* **YOUR ASSIGNMENT**
A verbatim copy of the records below, pictures omitted, is the task.

===== WORKING DATA

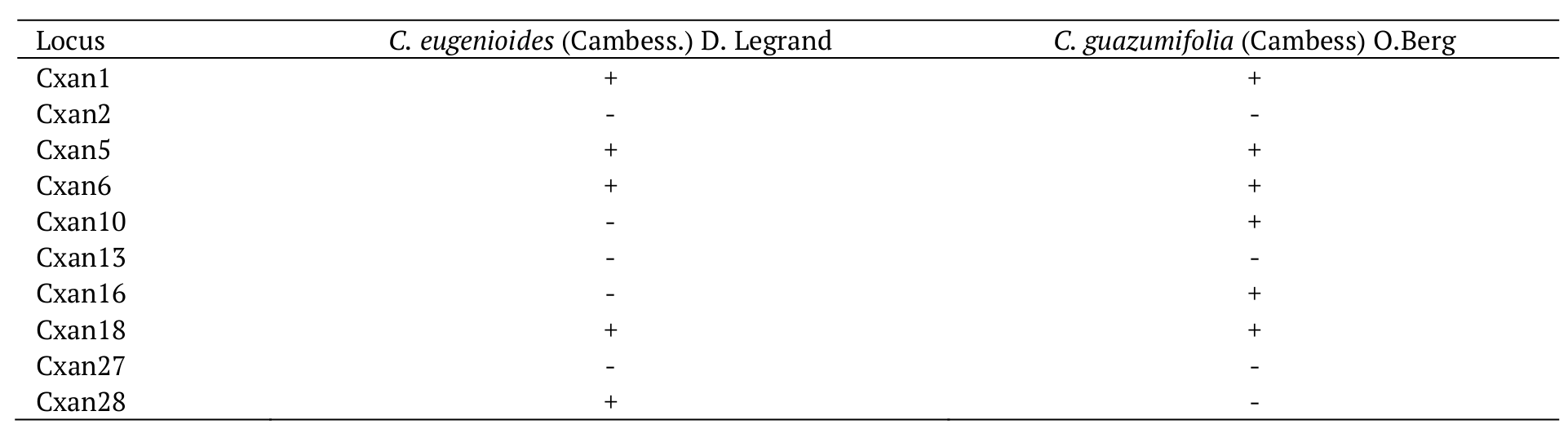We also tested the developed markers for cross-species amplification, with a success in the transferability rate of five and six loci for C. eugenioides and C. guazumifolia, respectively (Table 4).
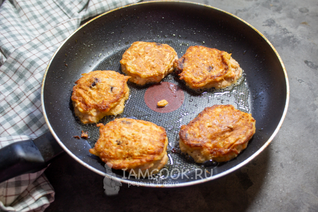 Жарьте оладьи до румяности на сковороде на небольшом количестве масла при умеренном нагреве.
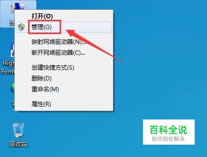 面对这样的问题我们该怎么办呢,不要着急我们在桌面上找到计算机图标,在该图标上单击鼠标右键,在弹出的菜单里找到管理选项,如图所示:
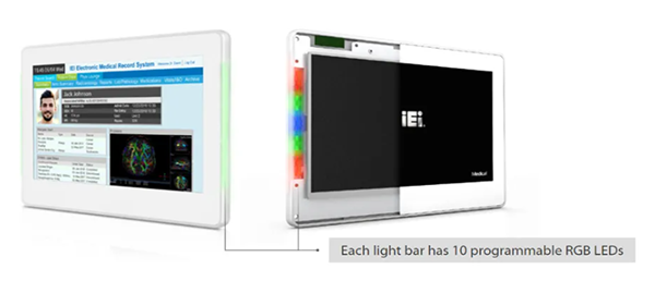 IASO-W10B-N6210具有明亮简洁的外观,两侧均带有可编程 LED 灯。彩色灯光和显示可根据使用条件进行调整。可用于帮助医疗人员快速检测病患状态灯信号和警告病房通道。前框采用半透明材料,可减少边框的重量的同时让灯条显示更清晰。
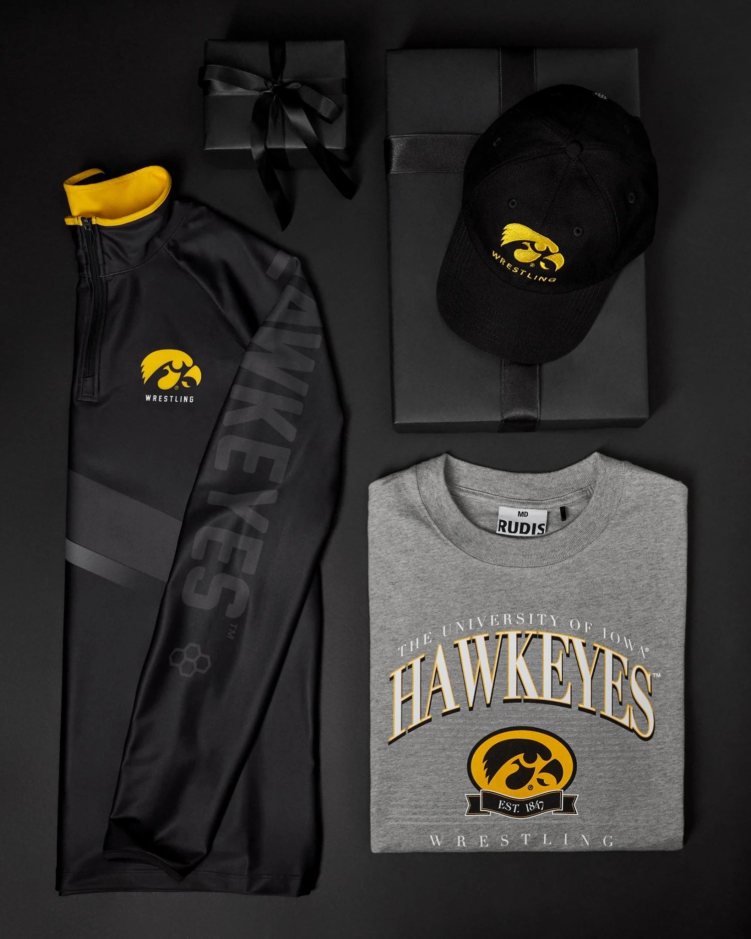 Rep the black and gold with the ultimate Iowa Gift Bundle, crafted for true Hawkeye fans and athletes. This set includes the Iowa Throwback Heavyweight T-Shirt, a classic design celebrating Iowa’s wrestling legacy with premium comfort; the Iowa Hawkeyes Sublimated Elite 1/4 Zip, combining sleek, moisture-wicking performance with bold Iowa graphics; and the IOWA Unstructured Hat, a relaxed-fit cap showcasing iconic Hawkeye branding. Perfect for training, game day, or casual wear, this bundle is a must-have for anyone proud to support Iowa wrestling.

==========

* **REPLY**
We also tested the developed markers for cross-species amplification, with a success in the transferability rate of five and six loci for C. eugenioides and C. guazumifolia, respectively (Table 4).
 Жарьте оладьи до румяности на сковороде на небольшом количестве масла при умеренном нагреве.
 面对这样的问题我们该怎么办呢,不要着急我们在桌面上找到计算机图标,在该图标上单击鼠标右键,在弹出的菜单里找到管理选项,如图所示:
 IASO-W10B-N6210具有明亮简洁的外观,两侧均带有可编程 LED 灯。彩色灯光和显示可根据使用条件进行调整。可用于帮助医疗人员快速检测病患状态灯信号和警告病房通道。前框采用半透明材料,可减少边框的重量的同时让灯条显示更清晰。
 Rep the black and gold with the ultimate Iowa Gift Bundle, crafted for true Hawkeye fans and athletes. This set includes the Iowa Throwback Heavyweight T-Shirt, a classic design celebrating Iowa’s wrestling legacy with premium comfort; the Iowa Hawkeyes Sublimated Elite 1/4 Zip, combining sleek, moisture-wicking performance with bold Iowa graphics; and the IOWA Unstructured Hat, a relaxed-fit cap showcasing iconic Hawkeye branding. Perfect for training, game day, or casual wear, this bundle is a must-have for anyone proud to support Iowa wrestling.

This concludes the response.